◆ **Study material**:

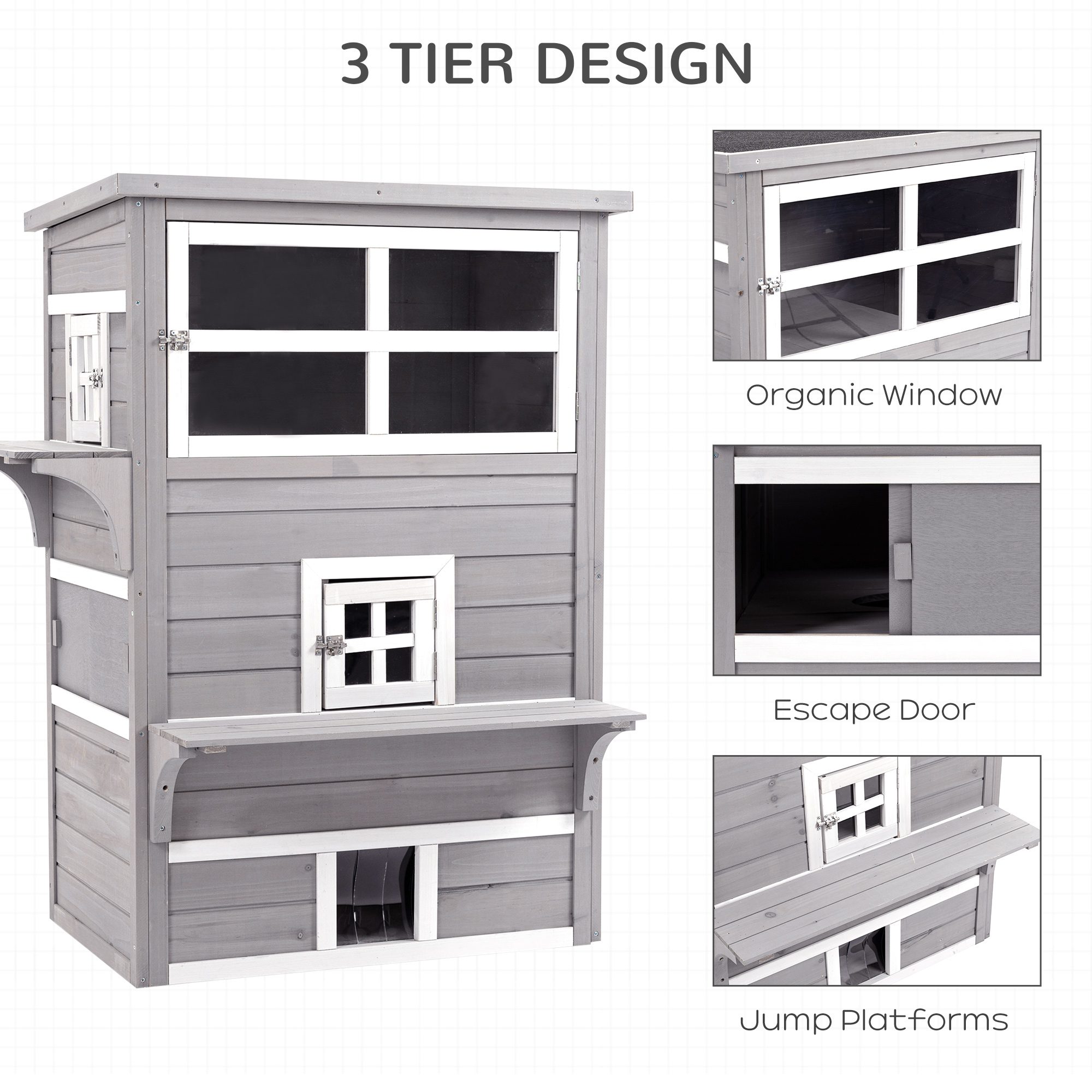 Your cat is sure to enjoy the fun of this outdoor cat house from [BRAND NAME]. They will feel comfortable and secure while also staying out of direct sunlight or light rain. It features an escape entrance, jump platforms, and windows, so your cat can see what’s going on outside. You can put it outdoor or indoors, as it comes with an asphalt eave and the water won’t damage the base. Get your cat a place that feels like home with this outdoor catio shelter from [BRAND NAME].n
==
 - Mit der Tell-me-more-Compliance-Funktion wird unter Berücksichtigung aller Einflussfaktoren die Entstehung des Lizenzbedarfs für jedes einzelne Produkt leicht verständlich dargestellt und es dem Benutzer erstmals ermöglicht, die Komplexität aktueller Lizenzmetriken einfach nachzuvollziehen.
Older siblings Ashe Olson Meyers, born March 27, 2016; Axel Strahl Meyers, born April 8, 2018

◆ **What needs to be done**:
The required answer is the run of lines above, starting at the line with "- Mit der Tell-me-more-Compliance-Funktion" and ending at the line with "Older siblings Ashe", reproduced exactly with both ends.

◆ **Response area**:
 - Mit der Tell-me-more-Compliance-Funktion wird unter Berücksichtigung aller Einflussfaktoren die Entstehung des Lizenzbedarfs für jedes einzelne Produkt leicht verständlich dargestellt und es dem Benutzer erstmals ermöglicht, die Komplexität aktueller Lizenzmetriken einfach nachzuvollziehen.
Older siblings Ashe Olson Meyers, born March 27, 2016; Axel Strahl Meyers, born April 8, 2018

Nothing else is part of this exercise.